Animaux : La SPA alerte sur le nombre d’abandons qui explose… alors que leurs refuges sont déjà saturés

VACANCES Chaque été, la SPA recueille un certain nombre d’animaux de compagnie, mais cette année, elle fait face à une augmentation importante des abandons, après que les adoptions ont flambé pendant le confinement

20 Minutes avec AFP
— 
Illustration d'un refuge de l SPA à Rennes.
Illustration d'un refuge de l SPA à Rennes. — J Gicquel / 20 Minutes

Il n’y a (déjà) plus de place. Alors que nous ne sommes qu’au début de l’été, la Société protectrice des animaux (SPA) lance un cri d’alerte face à l’accélération de l’abandon. Ses refuges ont d’ailleurs atteint leur capacité maximale, surtout les chatteries.

Avec 7.700 pensionnaires, « les sites sont proches de la saturation » et « les adoptions sont moins nombreuses en cette période de vacances estivales », explique jeudi la SPA dans un communiqué, redoutant « bientôt ne plus être en mesure de prendre en charge les abandons et d’accueillir de nouveaux animaux ».

Surtout des chats, rongeurs, reptiles…

Depuis le 1er mai, 8.932 animaux issus de l’abandon ont été recueillis par la SPA dans ses 62 refuges et Maisons SPA, soit 6 % de plus qu’en 2019 sur la même période.

Cette tendance s’accélère sur le mois de juin avec un accroissement de 14 % par rapport à 2019. L’augmentation la plus forte concerne les chats et les NAC (nouveaux animaux de compagnie : rongeurs, reptiles..) dont le recueil a augmenté de 25 % sur le mois de juin par rapport à 2019.

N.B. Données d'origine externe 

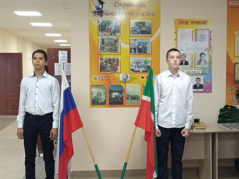23 октября 2023 года по традиции день начался с выноса государственных флагов и исполнения гимнов. Право вынести государственный флаг Российской Федерации и флаг Республики Татарстан предоставлено участникам школьной баскетбольной лиги "КЭС-БАСКЕТ" Сафину И. и Бикмухаметову Р., учащимся 10 класса.

Une situation alarmante car « cette tendance 2021 bat tous les tristes records des années précédentes », déplorent les défenseurs des animaux qui dénoncent « les achats faciles et déresponsabilisant sur Internet, comme sur le Bon Coin et dans les animaleries qui ont eu lieu en 2020 ».

« Les animaux deviennent les victimes collatérales de la crise sanitaire »

« La SPA traverse un début d’été encore plus dramatique que les précédents car nous devons gérer les conséquences de la pandémie et les dérives du business de l’animal », alerte Jacques-Charles Fombonne, président de la SPA. « C’est finalement à retardement que les animaux de compagnie deviennent les victimes collatérales de la crise sanitaire », estime-t-il.

Pour stopper le problème de « l’animal objet », il attend du gouvernement la confirmation de l’interdiction de vente des animaux de compagnie en animalerie et sur Internet.

« Cette triste réalité que nous vivons permettra au Sénat d’entériner les articles de loi sur les modes d’acquisition des animaux de compagnie, votés en janvier à l’Assemblée nationale », espère Jacques-Charles Fombonne.

Cette proposition de loi doit aider à éviter les achats impulsifs d’animaux de compagnie, qui conduisent à trop de délaissements ensuite, quelque 100.000 bêtes étant abandonnées chaque année en France.